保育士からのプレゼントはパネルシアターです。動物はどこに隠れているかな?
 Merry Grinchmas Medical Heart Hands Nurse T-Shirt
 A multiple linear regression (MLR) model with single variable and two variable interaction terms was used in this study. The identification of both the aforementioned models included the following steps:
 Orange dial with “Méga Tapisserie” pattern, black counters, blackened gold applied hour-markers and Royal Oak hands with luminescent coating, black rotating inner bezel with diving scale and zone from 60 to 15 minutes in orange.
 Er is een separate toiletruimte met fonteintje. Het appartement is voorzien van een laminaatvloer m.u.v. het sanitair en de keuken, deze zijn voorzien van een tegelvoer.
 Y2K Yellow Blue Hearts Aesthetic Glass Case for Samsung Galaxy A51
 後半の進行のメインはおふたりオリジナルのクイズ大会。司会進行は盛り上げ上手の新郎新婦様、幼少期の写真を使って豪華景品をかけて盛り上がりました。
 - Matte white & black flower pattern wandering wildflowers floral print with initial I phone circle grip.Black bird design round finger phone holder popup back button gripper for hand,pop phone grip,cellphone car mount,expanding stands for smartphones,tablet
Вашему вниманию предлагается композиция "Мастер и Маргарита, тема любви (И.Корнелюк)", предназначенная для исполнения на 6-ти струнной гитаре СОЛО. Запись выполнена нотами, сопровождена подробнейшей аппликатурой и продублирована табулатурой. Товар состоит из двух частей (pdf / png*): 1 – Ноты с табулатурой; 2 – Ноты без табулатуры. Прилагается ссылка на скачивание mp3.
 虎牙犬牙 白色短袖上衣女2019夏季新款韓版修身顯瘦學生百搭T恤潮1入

- - - - -

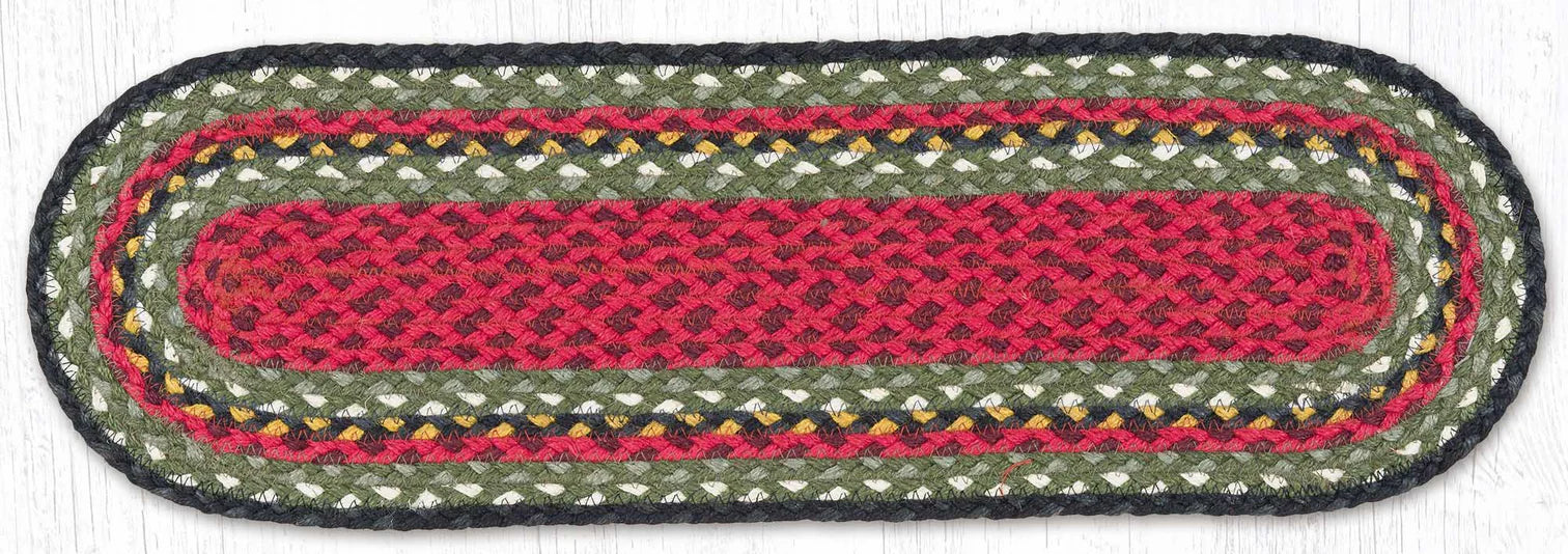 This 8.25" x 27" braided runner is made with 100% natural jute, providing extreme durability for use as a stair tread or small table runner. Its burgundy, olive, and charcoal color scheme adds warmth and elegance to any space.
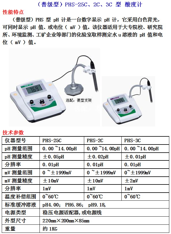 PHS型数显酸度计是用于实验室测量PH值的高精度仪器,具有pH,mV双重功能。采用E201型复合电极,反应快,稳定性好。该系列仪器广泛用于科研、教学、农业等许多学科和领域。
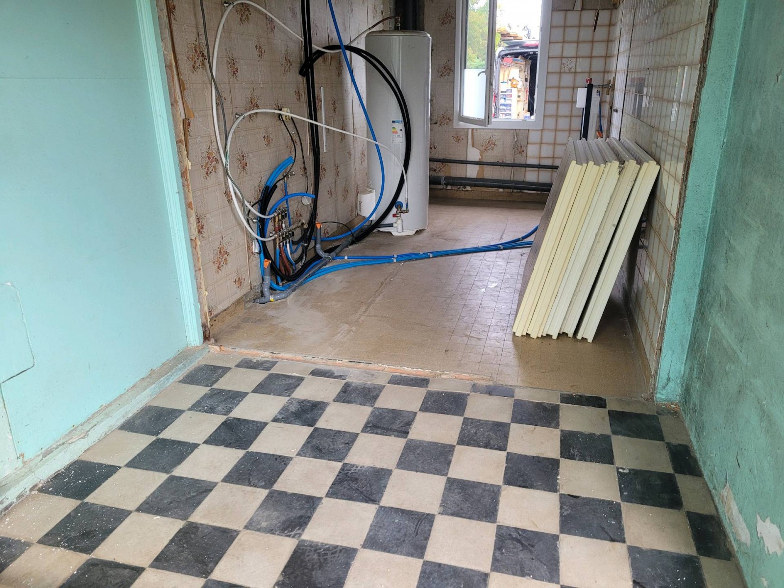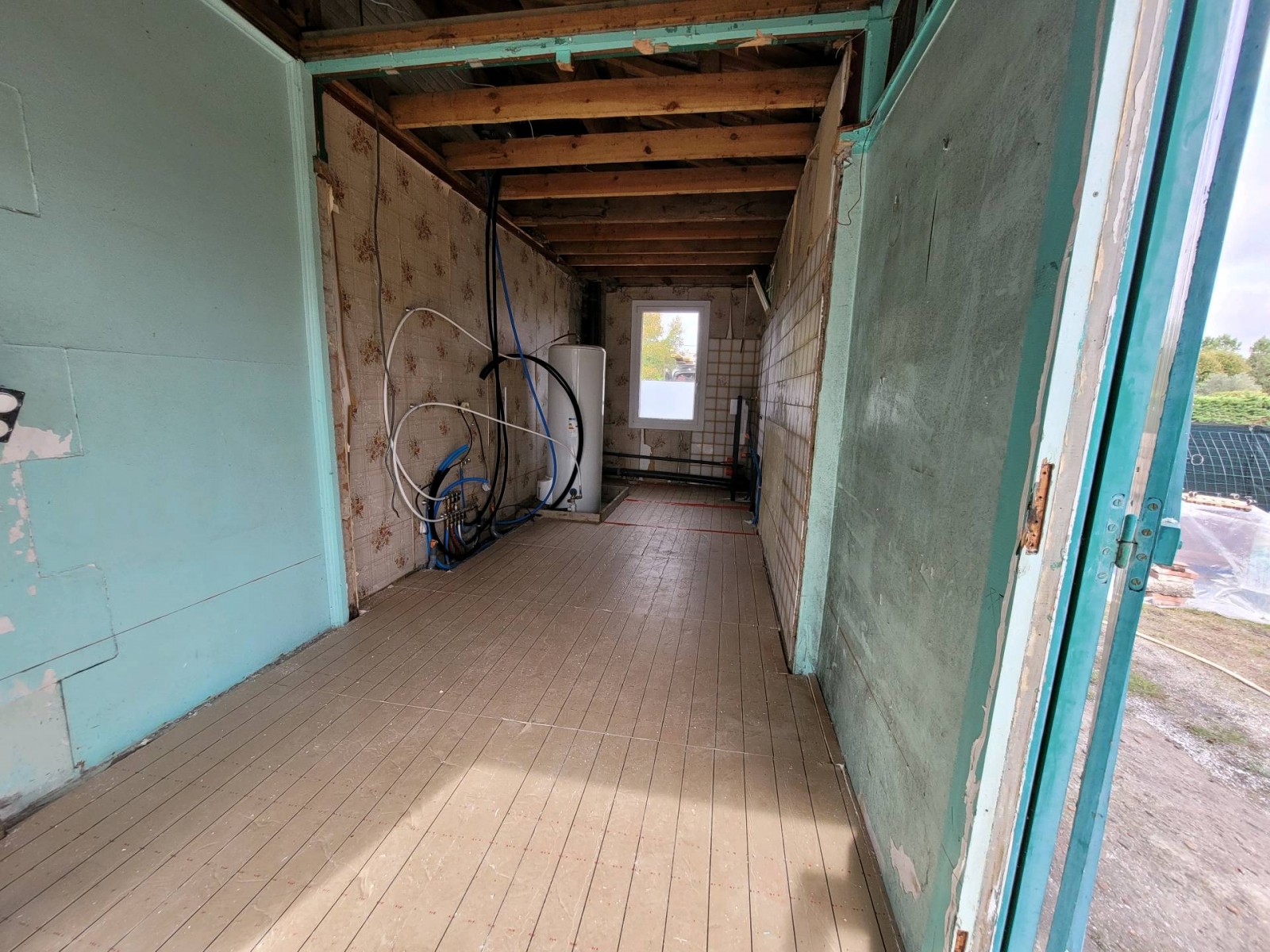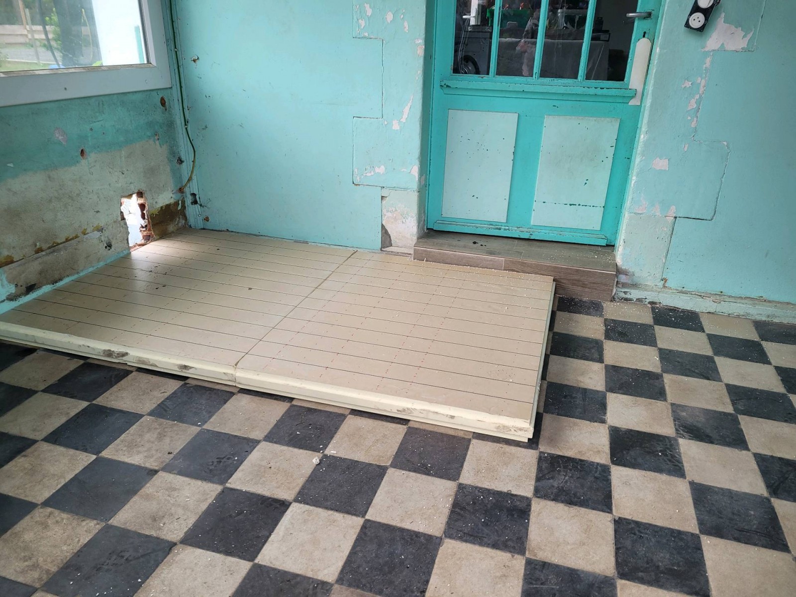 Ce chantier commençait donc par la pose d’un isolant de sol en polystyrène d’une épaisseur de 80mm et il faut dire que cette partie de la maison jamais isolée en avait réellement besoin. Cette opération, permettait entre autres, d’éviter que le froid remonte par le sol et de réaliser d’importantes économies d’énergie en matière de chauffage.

- - - - -

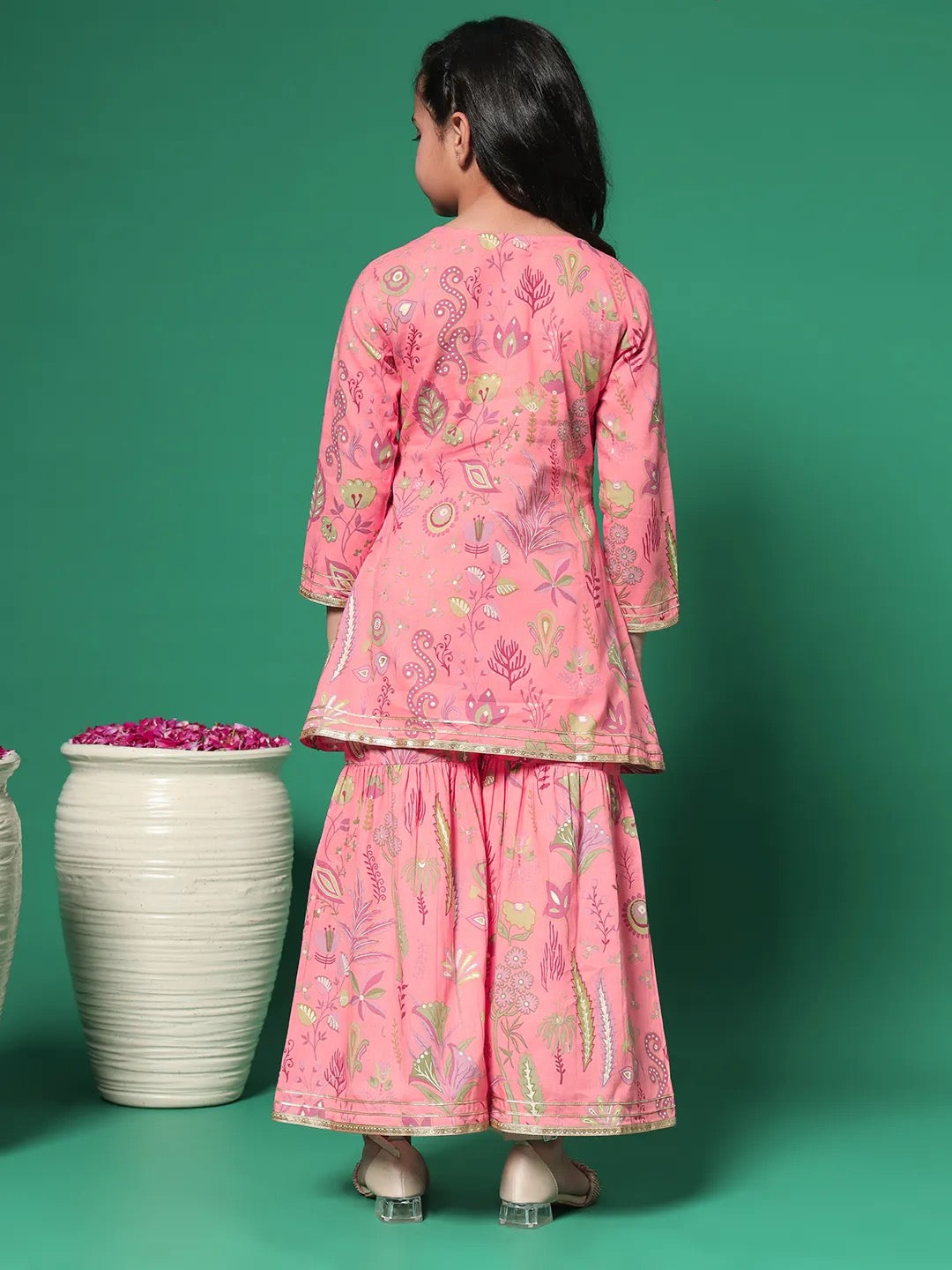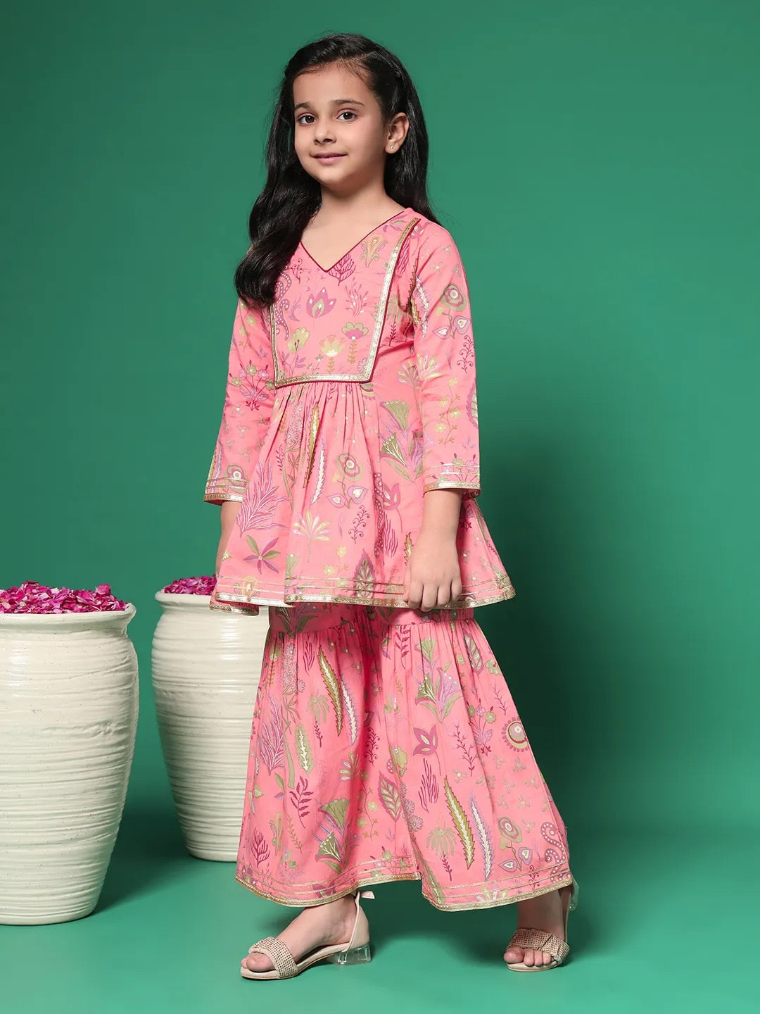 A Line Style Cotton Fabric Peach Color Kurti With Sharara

- - - - -

* **Work instructions**
Once you find the line with "Y2K Yellow Blue" in the entries above, output it and each line after it up to and including the line with "- Matte white", and nothing else.

* **Reply**
 Y2K Yellow Blue Hearts Aesthetic Glass Case for Samsung Galaxy A51
 後半の進行のメインはおふたりオリジナルのクイズ大会。司会進行は盛り上げ上手の新郎新婦様、幼少期の写真を使って豪華景品をかけて盛り上がりました。
 - Matte white & black flower pattern wandering wildflowers floral print with initial I phone circle grip.Black bird design round finger phone holder popup back button gripper for hand,pop phone grip,cellphone car mount,expanding stands for smartphones,tablet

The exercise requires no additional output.